◆ **TASK GOAL**:
The material below holds the lines to copy: from the one with "1. A Greek dish" up to and including the one with "Riviera del Fiori.". Copy them exactly and skip the pictures.

◆ **DATASET RECORDS**:
════════
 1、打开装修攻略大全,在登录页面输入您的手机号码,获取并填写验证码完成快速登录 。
════════
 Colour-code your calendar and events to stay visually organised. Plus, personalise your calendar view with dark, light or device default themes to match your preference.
════════
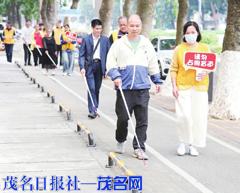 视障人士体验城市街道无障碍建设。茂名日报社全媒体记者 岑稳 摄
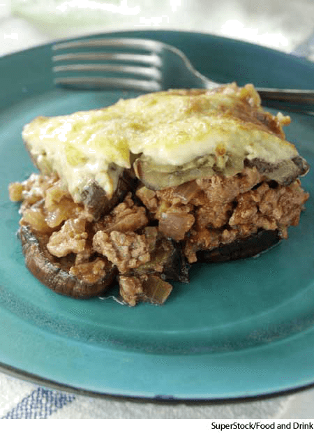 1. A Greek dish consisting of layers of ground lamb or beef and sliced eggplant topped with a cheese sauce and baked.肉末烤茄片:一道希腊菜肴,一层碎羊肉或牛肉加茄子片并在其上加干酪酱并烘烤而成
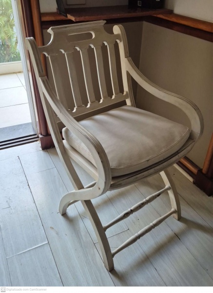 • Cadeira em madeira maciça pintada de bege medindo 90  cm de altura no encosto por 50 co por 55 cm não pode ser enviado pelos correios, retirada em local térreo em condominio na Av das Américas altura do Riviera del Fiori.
════════
◆ **SOLUTION BELOW**:
 1. A Greek dish consisting of layers of ground lamb or beef and sliced eggplant topped with a cheese sauce and baked.肉末烤茄片:一道希腊菜肴,一层碎羊肉或牛肉加茄子片并在其上加干酪酱并烘烤而成
 • Cadeira em madeira maciça pintada de bege medindo 90  cm de altura no encosto por 50 co por 55 cm não pode ser enviado pelos correios, retirada em local térreo em condominio na Av das Américas altura do Riviera del Fiori.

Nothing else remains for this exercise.